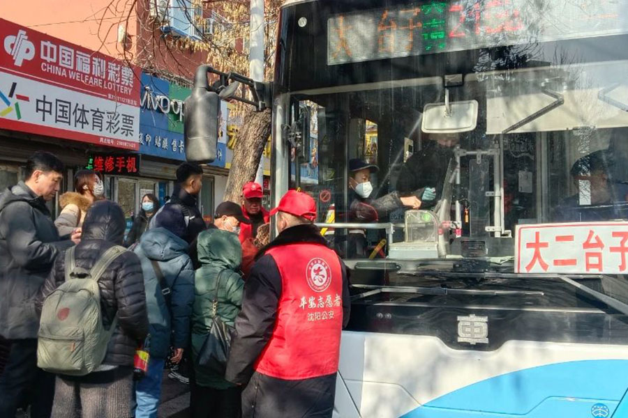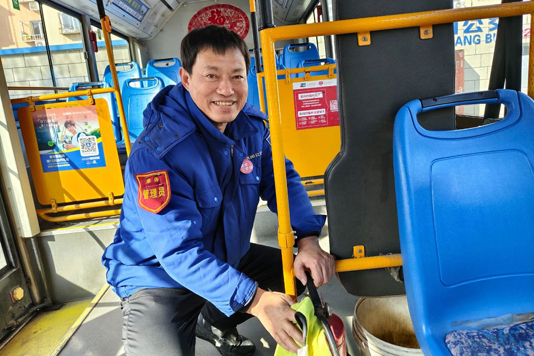 在219路大二臺子公交站臺,一位拄拐老人正在志愿者的攙扶下平穩(wěn)登車;寒風中,身穿紅馬甲的工作人員細心擦拭著候車長椅;車廂里,...
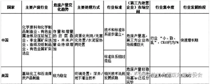 我國危廢行業(yè)起步較晚,在政策方面可參照發(fā)達(dá)國家完善的行業(yè)標(biāo)準(zhǔn)和技術(shù)規(guī)范,減少走彎路的時間。但中美兩國危廢行業(yè)有較大不同,包括產(chǎn)廢行業(yè)、主要處理方式、發(fā)展階段、第三方市場空間等都有較大差別。中國與美國危廢行業(yè)具體對比如下表所示。主要產(chǎn)廢行業(yè)以及危廢產(chǎn)生量美國危廢產(chǎn)生來源較窄,主要集中在基礎(chǔ)化工和石 油...
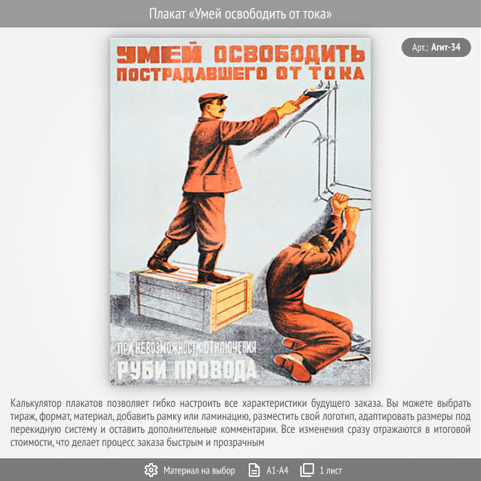 Плакат «Умей освободить от тока» (Агит-34, 1 лист) в Волгограде купить
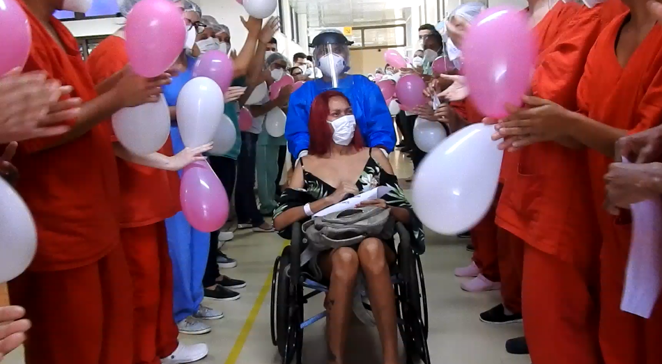 Na saída do hospital, a jovem foi homenageada pelos profissionais do HRPT com um corredor de aplausos. “É uma sensação maravilhosa de dever cumprido. Estamos aqui pelos pacientes, sempre. Eles são nosso gás diário na luta contra o vírus”, disse a fisioterapeuta Grazielle Gonçalves, uma das profissionais da equipe multidisciplinar que cuidou de Bruna.
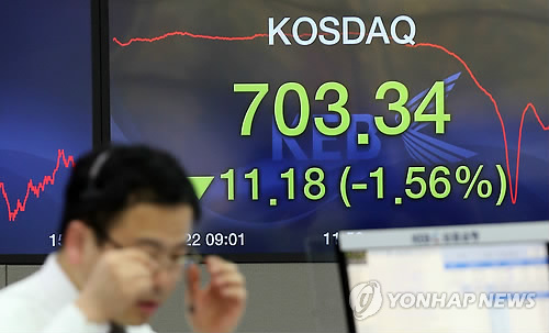 코스닥 지수는 오전 장중 720선을 돌파하며 랠리를 이어가다가 오후 들어 675.95까지 빠지며 5% 넘게 급락했다.
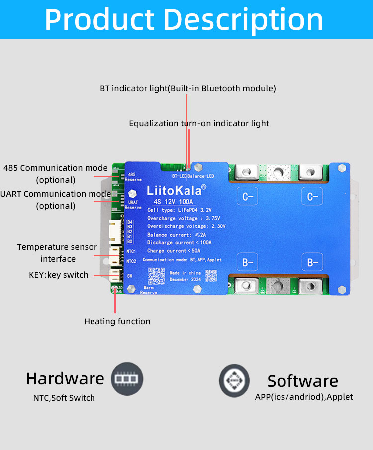 LiitoKala Bluetooth 4S-12V100A Smart BMS Lifepo4 With Car Starting Power Uart Series Heat Passive Balance Function Built-in Bluetooth BMS
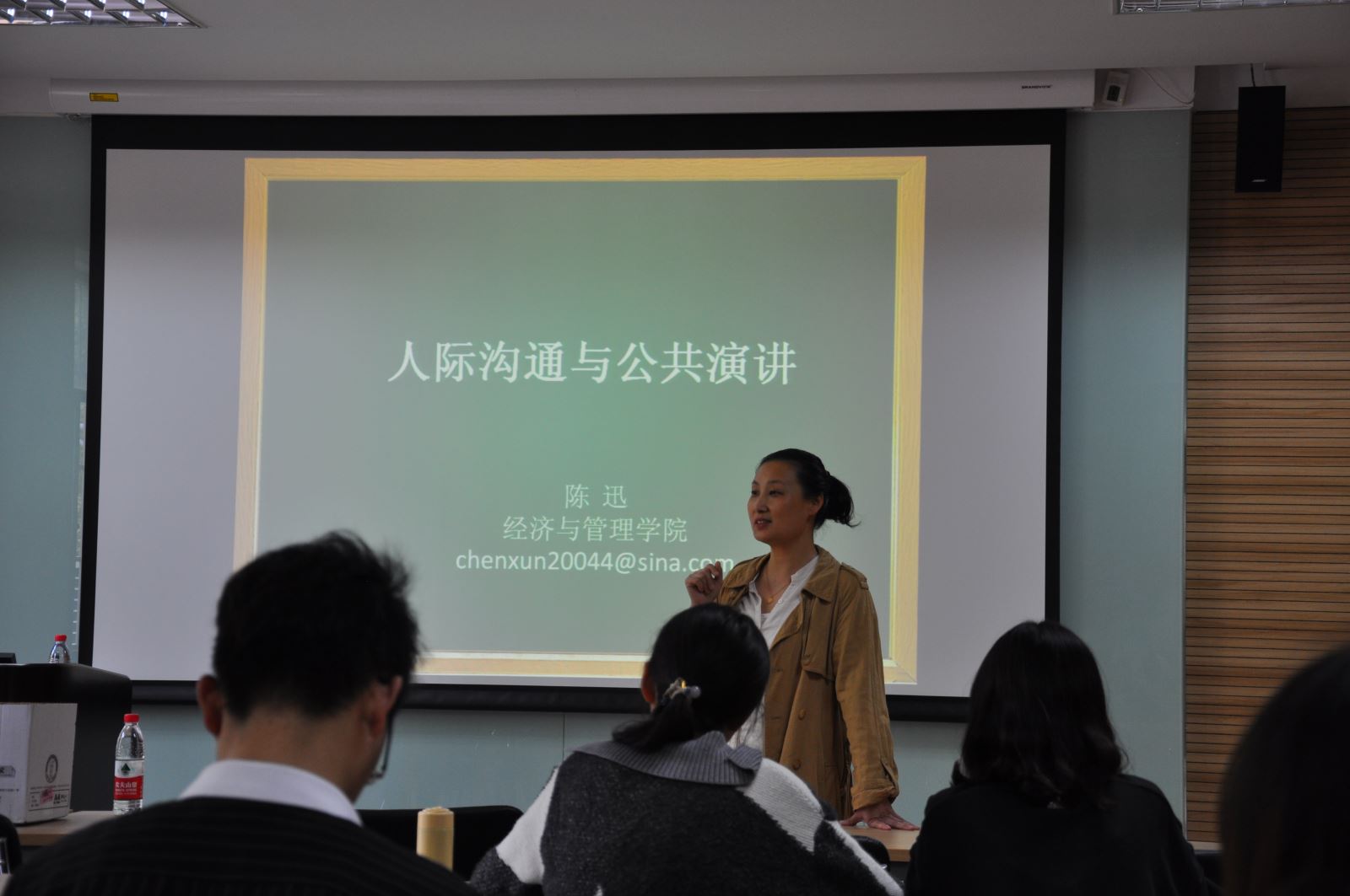 4月28日中午,化学系邀请经济与管理学院研究生党总支书记兼市场推广与职业发展中心主任陈迅老师在化学馆120举办了“演讲与沟通技巧”专题讲座。
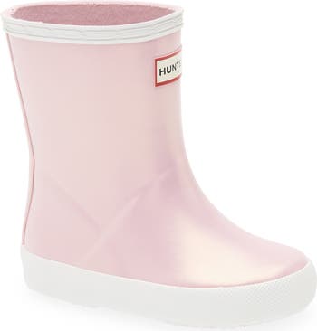 Giving new meaning to making a splash, this handcrafted rain boot has an iridescent finish that shimmers and shifts in color, even on cloudy, drizzly days. A rounded toe and flat, grippy sole allow kids to move comfortably while a soft jersey lining helps to keep feet dry.
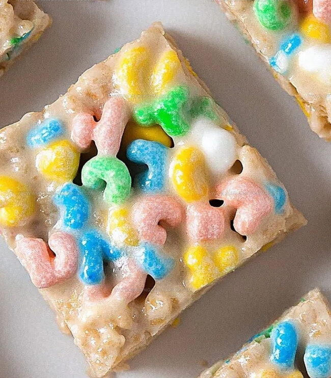 Colorful cereal pieces dance through gooey marshmallow goodness, creating a snack that sparks joy with every bite.
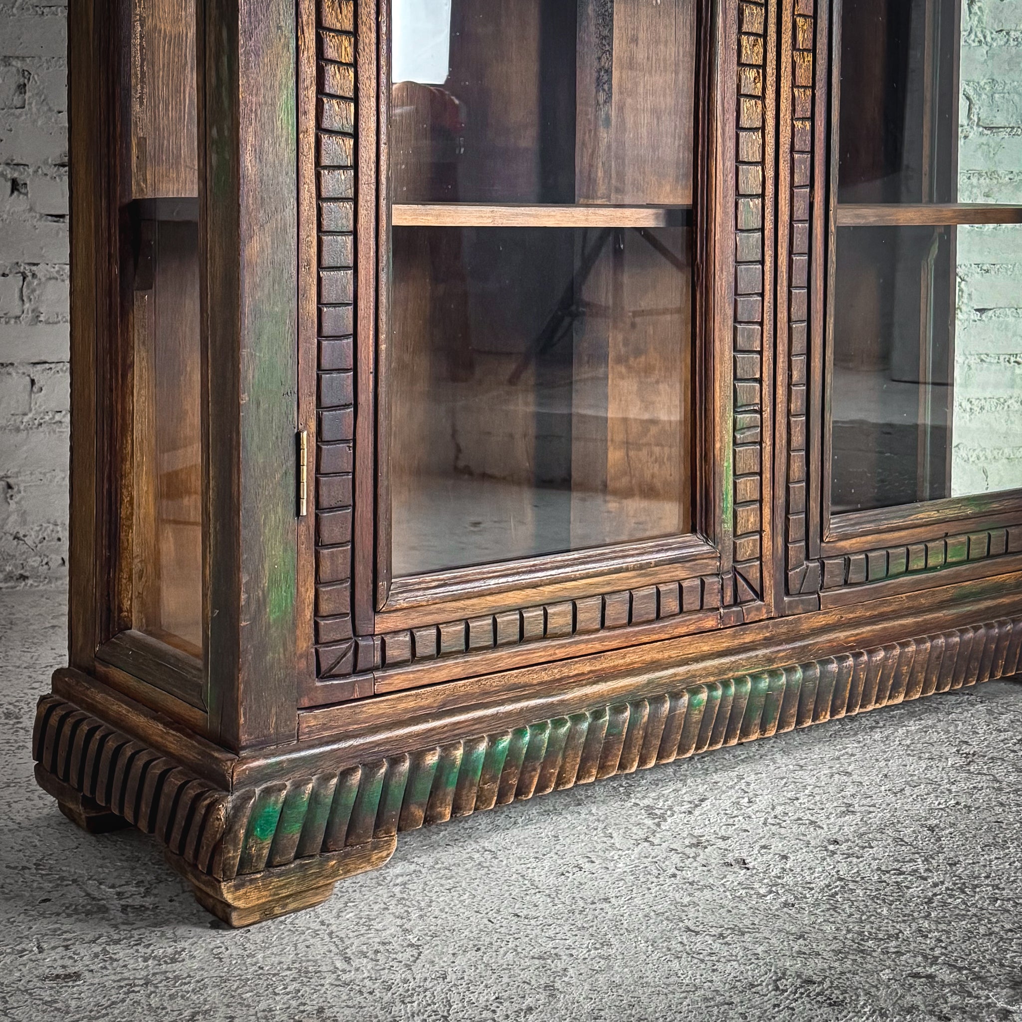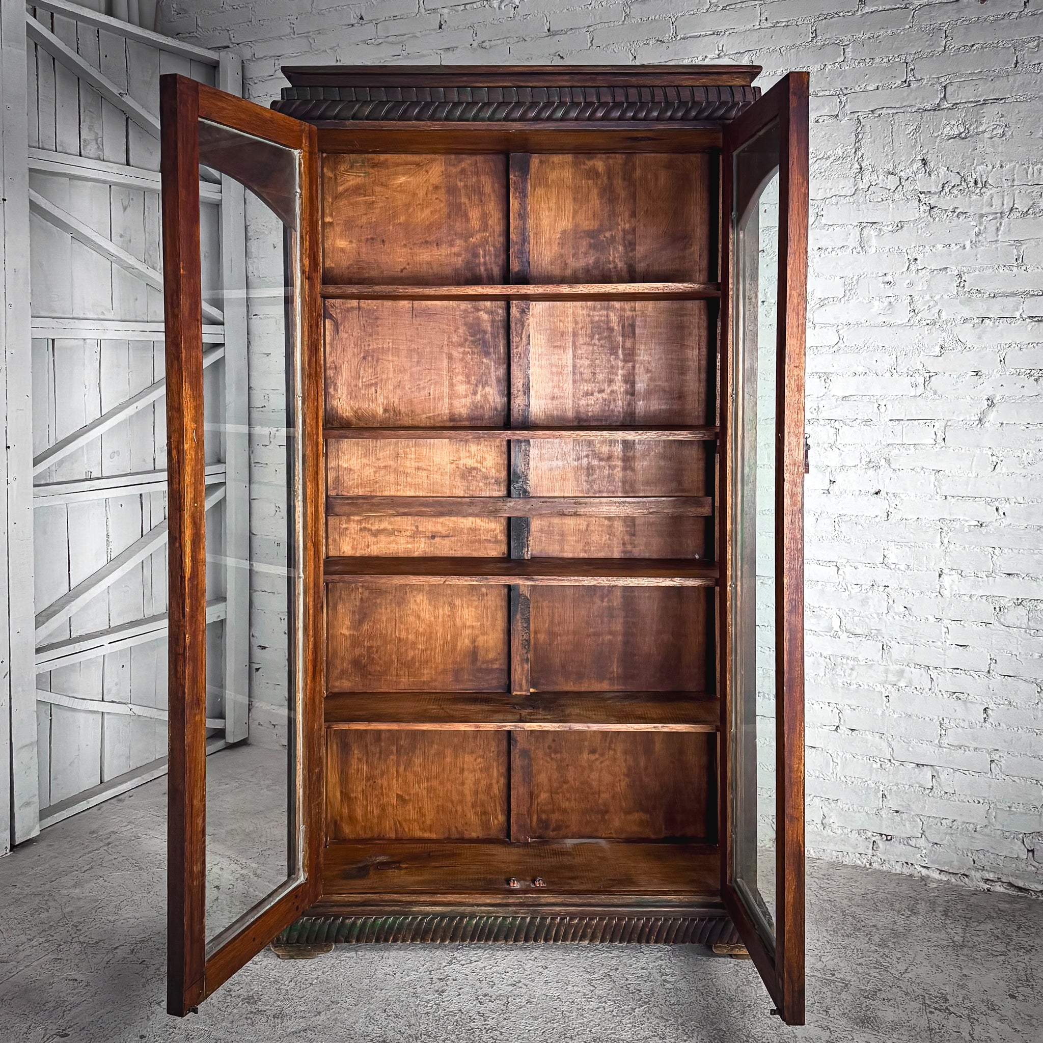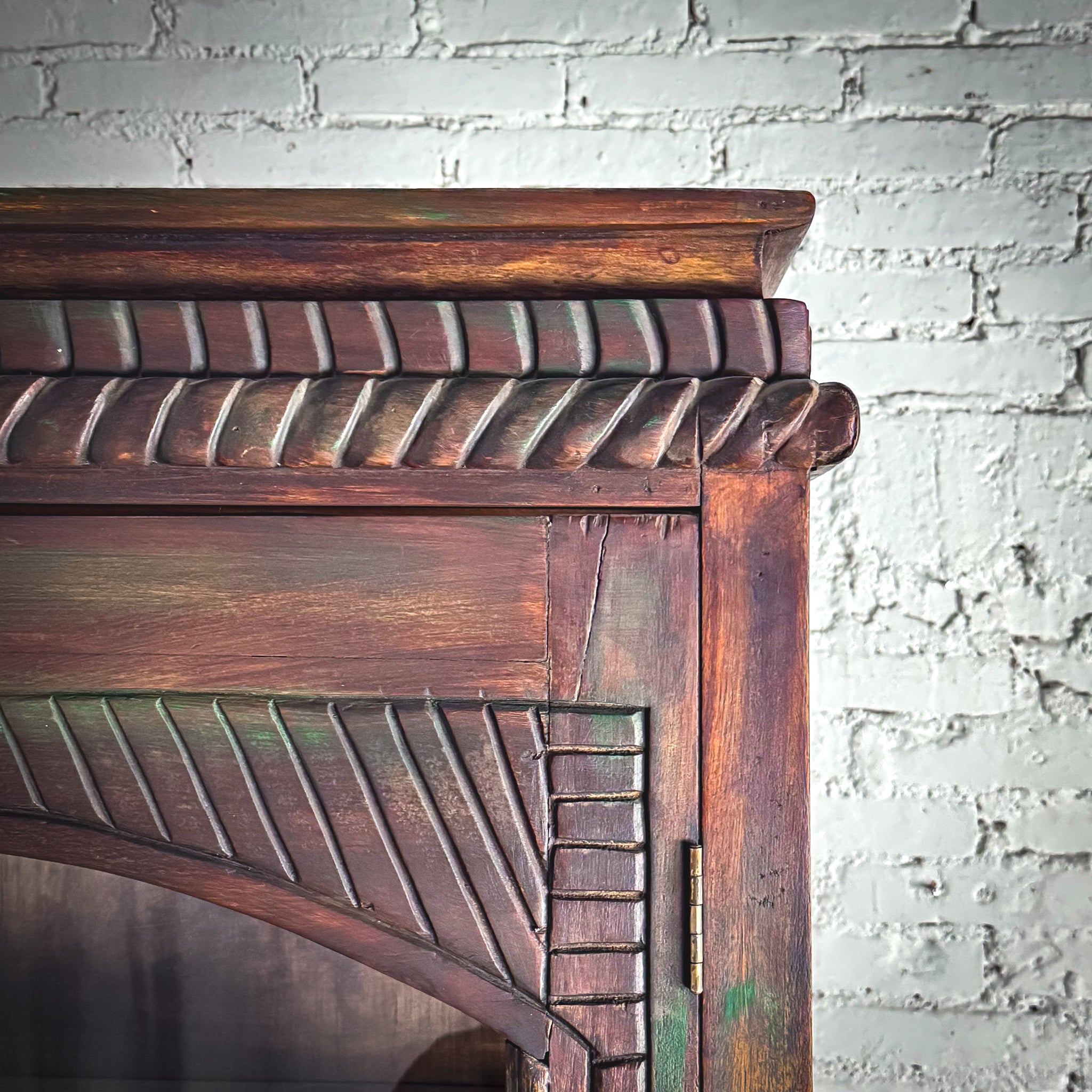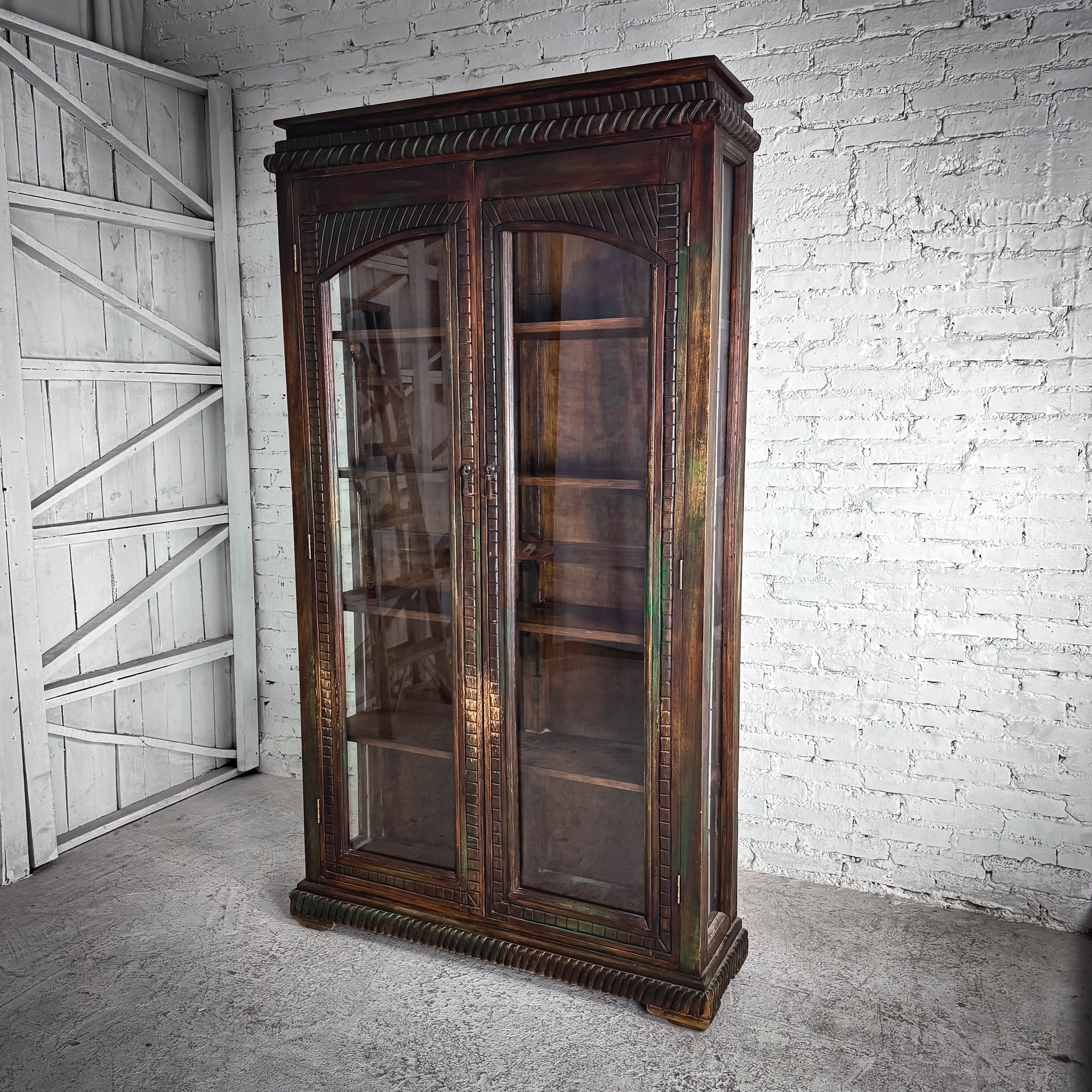 Cabinet. Vintage Mexican Colonial-style cabinet. Hand-carved hardwood with twisted rope molding, arched glass doors, and a distressed dark finish with verdigris-like accents.
═══
■ Brief
When copying from the data above, print only the lines from the line containing "Na saída do" to the line containing "4月28日中午,化学系邀请经", exactly, and leave the pictures out.

■ Finished task
 Na saída do hospital, a jovem foi homenageada pelos profissionais do HRPT com um corredor de aplausos. “É uma sensação maravilhosa de dever cumprido. Estamos aqui pelos pacientes, sempre. Eles são nosso gás diário na luta contra o vírus”, disse a fisioterapeuta Grazielle Gonçalves, uma das profissionais da equipe multidisciplinar que cuidou de Bruna.
 코스닥 지수는 오전 장중 720선을 돌파하며 랠리를 이어가다가 오후 들어 675.95까지 빠지며 5% 넘게 급락했다.
 LiitoKala Bluetooth 4S-12V100A Smart BMS Lifepo4 With Car Starting Power Uart Series Heat Passive Balance Function Built-in Bluetooth BMS
 4月28日中午,化学系邀请经济与管理学院研究生党总支书记兼市场推广与职业发展中心主任陈迅老师在化学馆120举办了“演讲与沟通技巧”专题讲座。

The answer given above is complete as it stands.